When you make a list of goals of what you find attractive about someone else it is important to note to yourself if you possess these same qualities. If love is a deal where you are bringing an offer to a table, just exactly what is it that you have to offer other people?

Do you offer a potential partner a needy, desperate person who is looking for someone to pay the rent? Make a list of all the good reasons why someone should go out with you and emphasize those qualities.

Finding a partner is not about filling a void in your life, especially if that hole is a gap of personal insecurity waiting to be filled with flattery and approval from the opposite sex.

By choosing to work on your issues and becoming as whole and emotionally healthy as possible you gain the emotional strength to break old relationship patterns and meet someone different. One way to do this is to decide you will be happy in life, with or without a partner.

Once you have cleared your emotional clutter from your life, and that includes throwing out your ex's belongings and getting a makeover, start to determine what qualities you are looking for in a partner.

Suggestions as to what these qualities might include the following:

I am looking for a person with high-self esteem. The person must be self-sufficient. The person must be emotionally available. The person must be over their past. The person must not have a history of alcoholism, addiction or manic depression. The person must be committed to building a future with me.

You may feel ready for a relationship, but sometimes the person we are smitten with is not. Let's say you are dating someone for a while yet you still feel you are receiving mixed messages from them with regards to the path the relationship may take in the future. The only way to clear this up is to sit down with this person and ask them questions.

Do you love me? Are you ready for a committed relationship? Where do you see us six months down the line? How about one year from now? Do you see me in your future three years from now?

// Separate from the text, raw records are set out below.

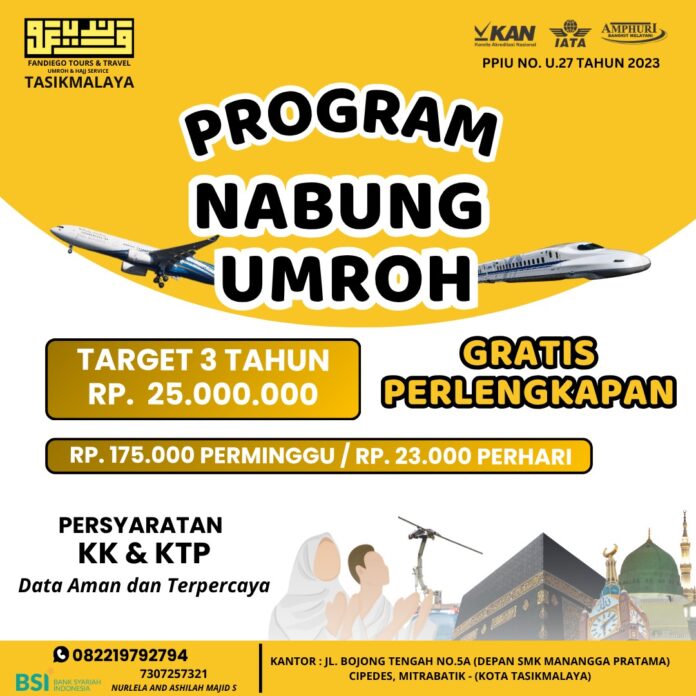 Bagi banyak orang, berangkat umroh adalah salah satu impian terbesar dalam hidup. Namun tidak semua orang bisa langsung membayar biaya perjalanan sekaligus. Untuk menjawab kebutuhan itu, Fandiego Tours & Travel Tasikmalaya menghadirkan Program Nabung Umroh, sebuah cara ringan dan terencana untuk mewujudkan perjalanan ibadah ke Tanah Suci.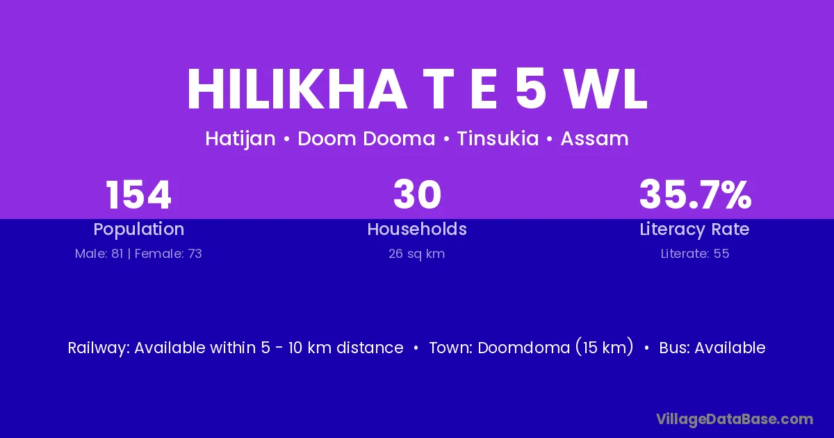 Hilikha T E 5 Wl village has a total population of 154 people, of which 81 are males and 73 are females.
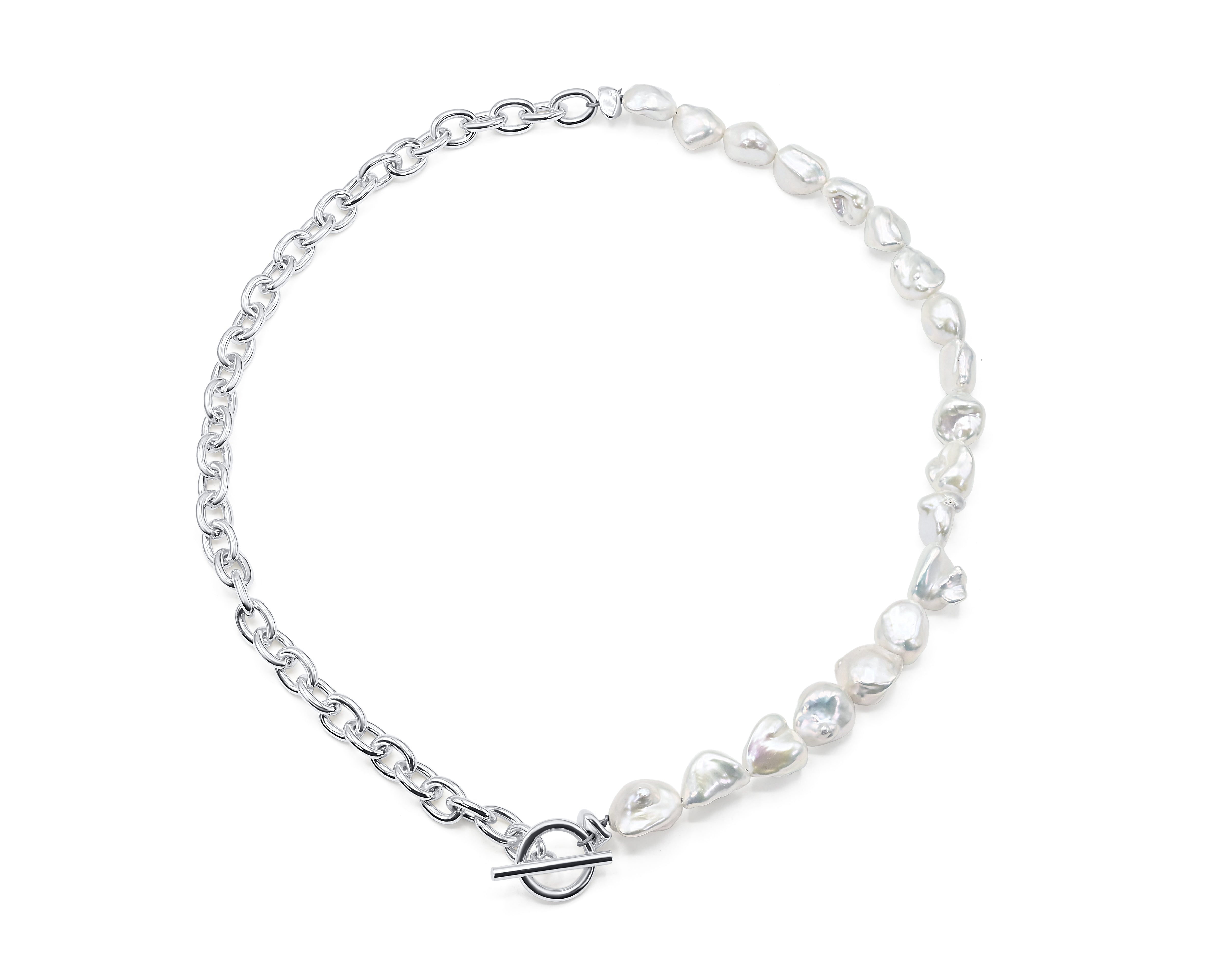 10mm wide oval link chain and 12-14mm Keshi pearl.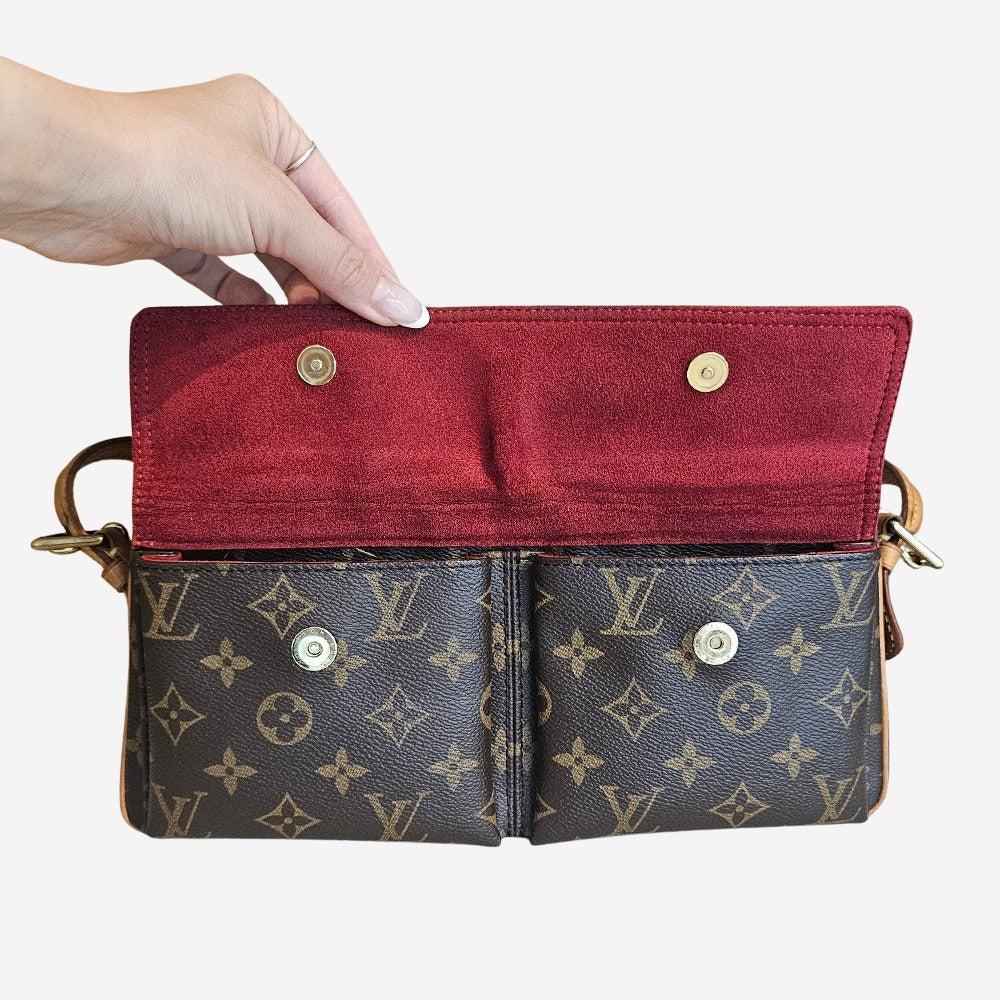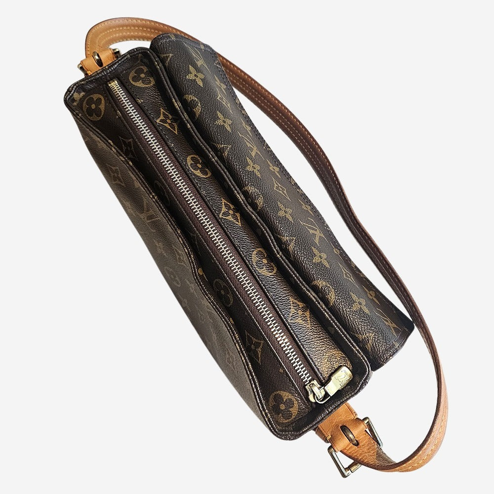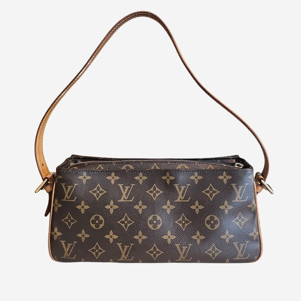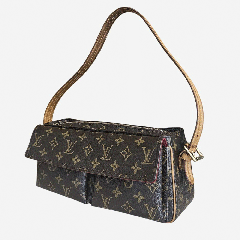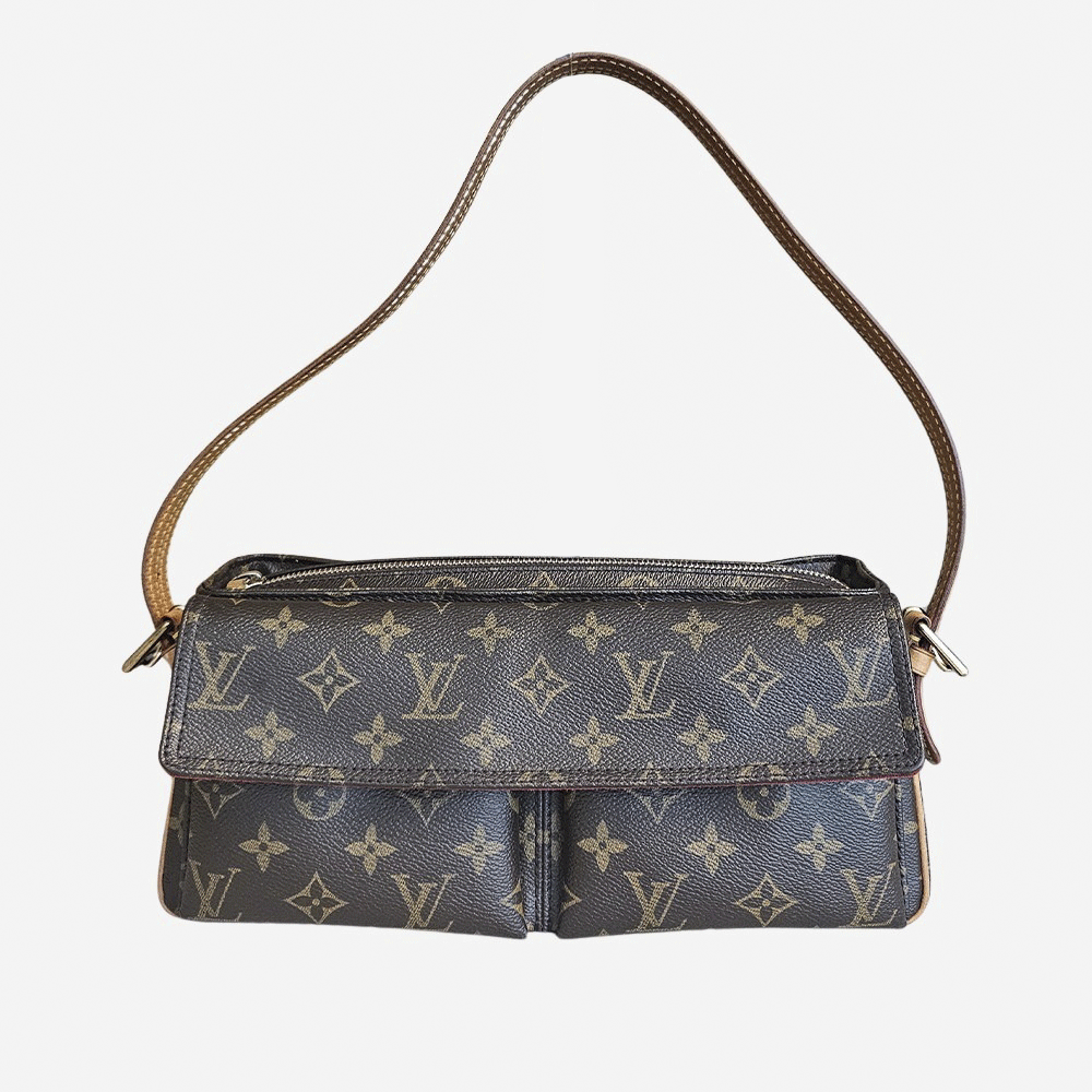 Louis Vuittons Viva Cite taske findes i 3 str. PM, MM og GM. Denne Viva Cite er str. MM og er dermed den mellemste i familien. Den er fremstillet af Louis Vuittons ikoniske Monogram Coated Canvas med vachetta læderdetaljer samt skulderrem. Tasken har et rummeligt hovedrum, som kan indeholde både pung, telefon, nøgler, solbriller mm. Derudover har den to indvendige lommer samt to udvendige på front, som giver tasken sit smukke udseende.

It is important to be honest, not only with yourself, but also with your potential partner. Discuss with each other your dreams, goals, lifestyles, hobbies, finances, religious and political beliefs, and whether or not children are in the picture. Through this investigative process you will find out whether or not you are truly compatible. Compatibility is not just about laughing at the same jokes or liking the same movies. It is about sharing intentions. That is why so many couples who seem to be opposites in terms of their personal tastes can still create a thriving relationship.

Just a note that nobody likes to be interrogated or quizzed in this manner on a first date. Save the quiz for someone you care about and who you have dated for about three months.

Remember that the first date you have is a bit like a job interview. Some people do really well in interviews and others perform better once they are on the job. If you feel attracted to someone but are uncertain about whether or not, try a second or third date. If it doesn't work out, so what? You have learned something more about what you don't want in terms of relationship.

When it comes to finding a soul mate, time is still your best friend. Many people who are just getting back into the dating scene flounder horribly simply because they take rejections and bad experiences too personally. They see another's behavior as a judgement or reflection on them.

You as well as the other person are "allowed" to let go of a relationship that is not working out. Letting go is not only the courageous thing to do, it is also the right thing to do. Otherwise you are settling for less in your life.

The entire purpose of making a list of qualities that you want in another person and sticking to it, is to teach you how to "settle for more" in romance.